USD/JPY had been growing since Tuesday before it settled above the 112.00 level. One of the reasons for the recovery, apart from the approval of the tax cut bill, was a technical correction.
But today we see another decline. As usual, USD lost some points due to weaker Treasury yields. But, also, the market is now concentrated on the Fed’s monetary policy path for 2018.
From the one side, the latest Yellen’s comments confirmed the idea the current inflation and economic stance does not require the immediate rate hike in the near future after December. This may contribute to the pair’s sell-off. From the other side, the stronger-than-forecast US GDP for the third quarter, a positive outlook for the economic growth in the fourth quarter and the possible approval of the Trump’s reform are positive for the USD/JPY growth potential.
Anyways, even if USD/JPY is able to surpass the 112.50 level, the pair will meet a strong resistance area around 114.50 level. No matter what, the Yen is under pressure and the dollar is in favour.
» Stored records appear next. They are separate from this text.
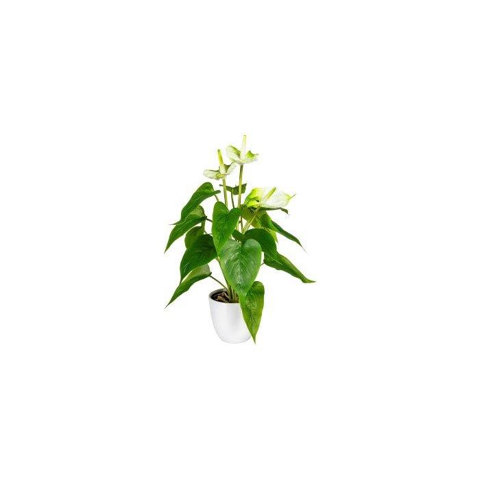 Umělý květ plameňáka PLOVIR v dekorativním květináči, kořeny, bílo-zelený, 40cm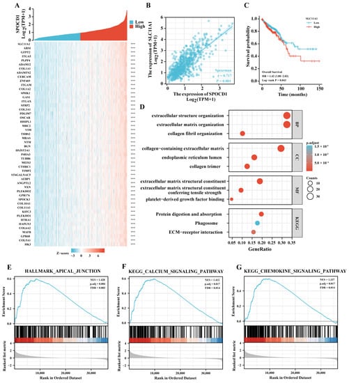 Co-expression gene analysis and subsequent GO and KEGG enrichment analysis of SPOCD1. (A) Heatmap illustrating the top 50 genes positively correlated with SPOCD1 in CRC. Red represents high expression, and blue represents low expression. (B) Correlation analysis of SPOCD1 and SCL11A1. (C) The Kaplan-Meier plots for overall survival for CRC patients according to the difference SLC11A1 expressions. (D) GO and KEGG pathway analysis of SPOCD1 co-expressed gene with a correlation coefficient > 0.6 in CRC. (E–G) GSEA enrichment plots showed positive correlations of SPOCD1 co-expression genes with the apical junction, calcium, and chemokine signaling pathway (*** p < 0.001).
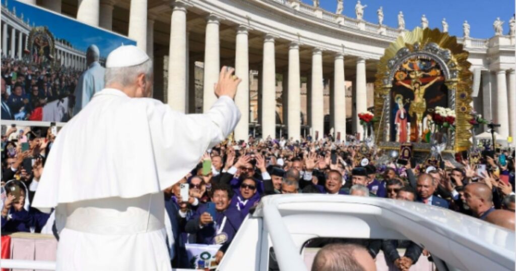 Al final de la Misa, el papa León XIV llegó a bordo del papamóvil hasta la zona de la Plaza de San Pedro en la que cientos de peruanos lo esperaron con una réplica de la imagen del Señor de los Milagros. En medio de la emoción de los presentes, el papa bendijo la imagen.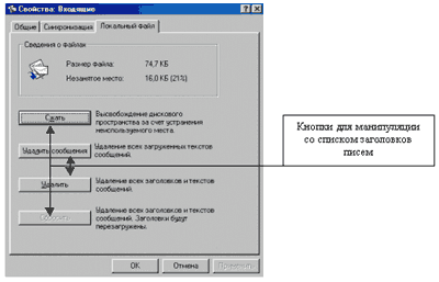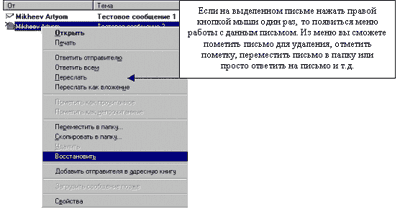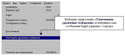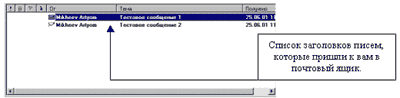 Теперь вы можете оперировать с заголовками. 5.1. Чтение содержимого письма.Для того чтобы прочитать содержимое письма вам просто необходимо нажать на нем левой кнопочкой мыши 2 раза. Письмо откроется в новом окне, затем произойдет загрузка его содержимого. 5.2. Выделение группы писем.Для выделения всех писем достаточно переключиться на латинскую раскладку - нажать клавишу Control и удерживая её нажать клавишу А. Для выборочного выделения писем, необходимо переключиться на латинскую раскладку и удерживая клавишу Control нажимать левой клавишей мыши на нужные заголовки писем. 5.3. Сохранение письма на вашем жестком диске.Для того, чтобы сохранить письмо на жестком диске необходимо нажать на него правой клавишей мыши и выбрать пункт меню "Переместить в папку" - затем указать папку в списке, в которую необходимо переместит письмо - в результате письмо со всем его содержимым будет сохранено у вас на жестком диске в указанной вами папке. 5.4. Пометка письма для удаления.Для того чтобы пометить письмо для последующего удаления необходимо нажать на него один раз левой клавишей мыши, так чтобы оно выделилось и нажать клавишу "Delete" на клавиатуре. Письмо будет зачеркнуто, но на самом деле не будет удалено. 5.5. Удаление письма.Чтобы окончательно удалить письмо с сервера вам необходимо пометить его для удаления, как описано в пункте 5.4., затем перейти в меню правка и выбрать пункт "Уничтожить удаленные сообщения".

It’s unlikely that the Central Bank of the Land of the Rising Sun has the intention to start unwinding its stimulus programme. The Bank of Japan is not ready to act, and it will probably maintain its expansionary policy during the upcoming months. Or years.
So, the pair’s decline is correctional. Our next target is November,24 and 28 highs at 111.60. The breakout of this area will aim the pair to the recent November lows at 111.00. We may use the current slump as a good opportunity for buying.